This model assumes that the virus detection method can identify 1 virion. While RT-PCR and qRT-PCR are able to detect a single virion in the tested aliquot (Lanciotti et al. 2000, Weilke et al. 2006), other detection methods may not be as sensitive. The current model shows the probability of drawing an aliquot containing at least 1 virion and does not differentiate between 1 or multiple virions. The probability of aliquots containing 2 or more virions requires a different approach and can be determined using a Poisson distribution, but this is also dependent on the density of virions in the original sample, sample volume, and the volume and numbers of aliquots being tested.

Since virus titer is sometimes measured using plaque forming units (PFUs), the current model assumes that 1 virion = 1 PFU. The current model also assumes that only 1 aliquot was taken from the original sample because this action alters the virus titer and volume of the original sample. In certain circumstances when arboviral titer is very low, one improves detection by the repeated testing of multiple aliquots. If a sample with a large volume contains a single virion, the probability of getting the single virion in a small aliquot is very low than when the same aliquot is taken from a sample with a small volume. Each subsequent aliquot improves the probability that the virion is being sampled in an aliquot because the total sample volume decreases. If a second aliquot is removed, new parameters for total sample volume and virus titer would need to be calculated to determine the probability that subsequent aliquots contain the virion when using this model.

Aliquots from a sample with a high viral density have a greater probability of containing a virion, thereby increasing the probability of virus detection (Fig. 1). Figure 1 also shows that smaller aliquots have greater probability of missing a virion even if the original sample is positive. Aliquots of 25 μl approach 100% detection when the sample contains 2 logs virions/ml, while 2-μl aliquots require sample titers ≥3 logs virions/ml to provide near 100% accuracy in detecting a virion.
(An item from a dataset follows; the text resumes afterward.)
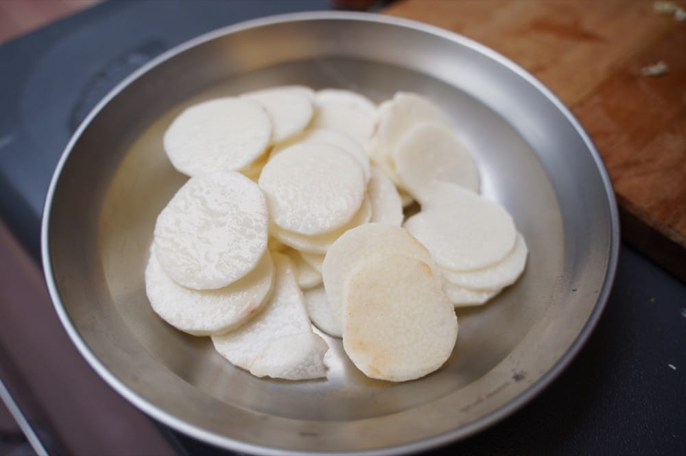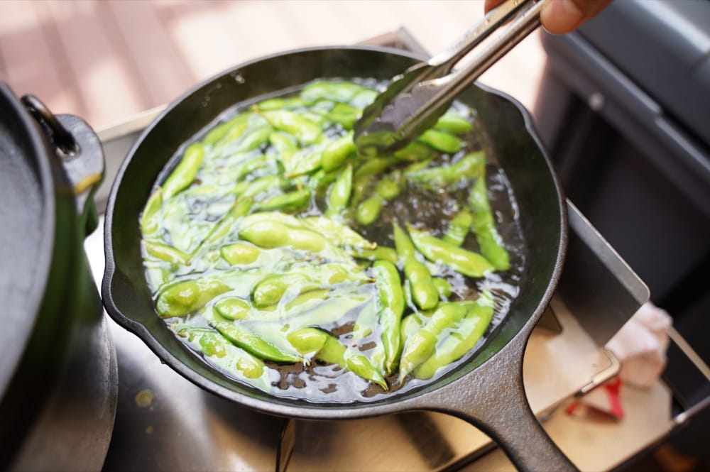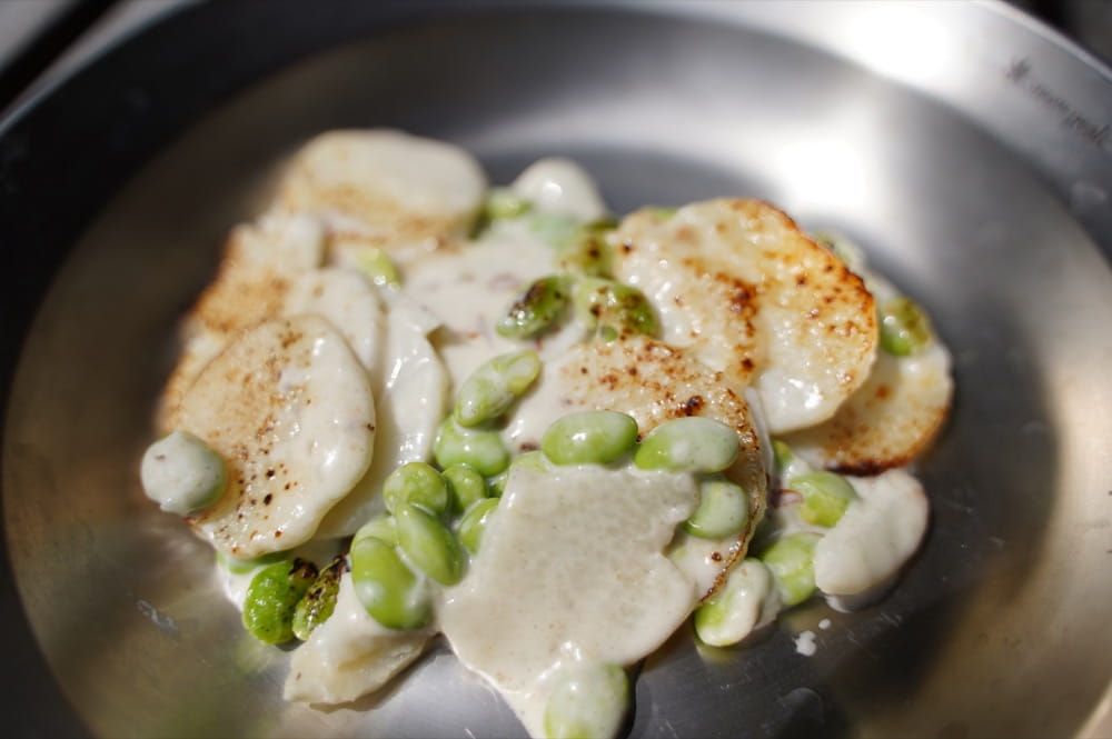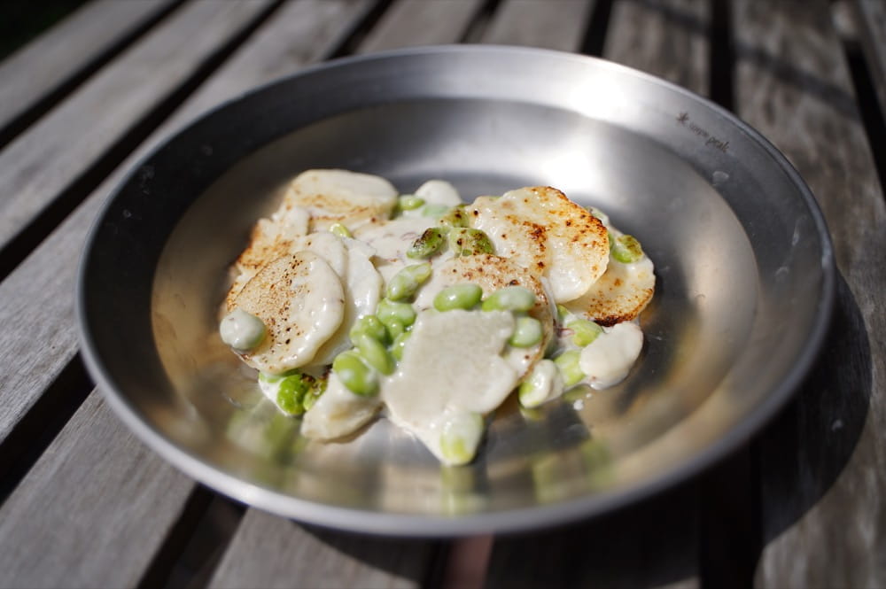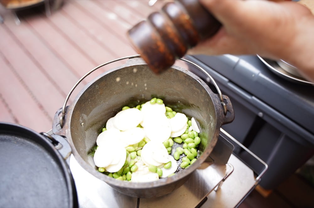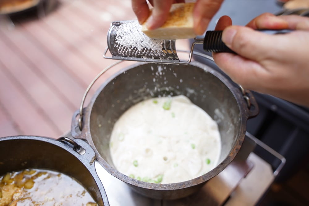 ⑨ダッチオーブンの蓋をし、上に炭を載せて焦げ目をつける(今回はバーナーで代用)

Probability of obtaining at least 1 virion from a 1-ml sample, with aliquots of 25 μl, 10 μl, and 2 μl. For testing methods such as reverse transcriptase polymerase chain reaction (RT-PCR) and quantitative real-time RT-PCR (qRT-PCR) **...**

The variables in this model may be adjusted for specific protocols because different detection methods utilize varying aliquot volumes and total starting sample volumes may vary. In addition, the model can be solved for different variables to allow for different parameter requirements. For example, this model can show the appropriate aliquot volume to ensure that viruses will be detected accurately. An agency may require 100% (or close to 100%) accuracy of detecting a virus-positive sample when it is present. We can calculate the required aliquot volume for any total sample volume and specific viral density using

$$V\left[1-{(1-p)}^{(1/dV)}\right],$$

where the parameters are the same as the previous equation, *p* is the required probability of detection (in decimal form), *V* is the total sample volume, and *d* is the density of virions, i.e., virus titer. This equation was derived from Eq. 4, simply manipulating the formula to solve for aliquot volume (*a*) instead of probability (*p*). For example, if a surveillance program requires a 95% probability of detection for any given viral titer from a 1-mL sample, the required aliquot volume can be calculated as shown in Fig. 2. This figure shows that as the titer in the sample decreases, the size of the aliquots tested must increase to minimize the probability of a false-negative result. One of the primary advantages of using this model rather than a binomial distribution is the ability to algebraically manipulate the model to calculate different parameters beyond the probability of detection.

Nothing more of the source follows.